**Prompt**
Lines in the listing below containing the string "Character" are to be identified and copied.

**Records supplied**
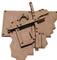
Glue over part [E2].
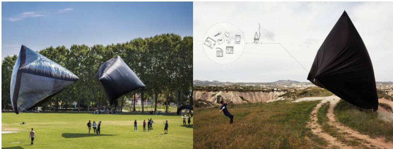
Aerocene au Fab City Summit, Parc de La Villette, 2018

Using the Aerocene Backpack, the Aerocene community has launched numerous aerosolar sculptures lifted only by the sun and the air, carried only by the wind. Through the Aerocene app, connect with the Aerocene community to join a real flight or engage with the over 103 tethered, 16 free and 8 human Aerocene flights that have floated in more than 43 different countries. The App's new Augmented Reality functionality invites us to live an immersive experience by visualizing the invisible drawing made by an aéro
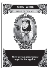
Character cards have full-color portraits.

Spread the 20 Character cards out on the table where everyone can see them. Each player chooses four. All chosen cards are laid face up on the table in front of their owners, where the other players can also see and reach them. Return any unused Characters to the box. They won't be used.
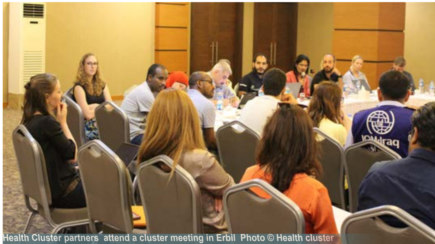
Health Cluster partners attend a cluster meeting in Erbil

6.2 million people affected by the conflict were reached during 2017, primarily through life-saving interventions, including trauma management, emergency primary healthcare services and sustaining a steady supply of essential medicines and supplies.
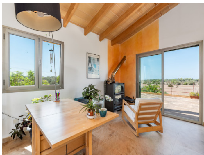
Access to the terrace
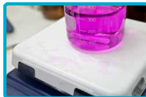
Glass ceramic hotplate with high chemical resistance
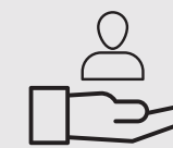
Youth Support Coordinator
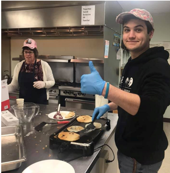
NORTHERN WATERS DISTRICT ... PHAT Tuesday (Pretty Hot And Tasty) at Grayling: Michelson Memorial UMC. Proceeds from the dinner supported the youth group.

**Response**
Character cards have full-color portraits.
Spread the 20 Character cards out on the table where everyone can see them. Each player chooses four. All chosen cards are laid face up on the table in front of their owners, where the other players can also see and reach them. Return any unused Characters to the box. They won't be used.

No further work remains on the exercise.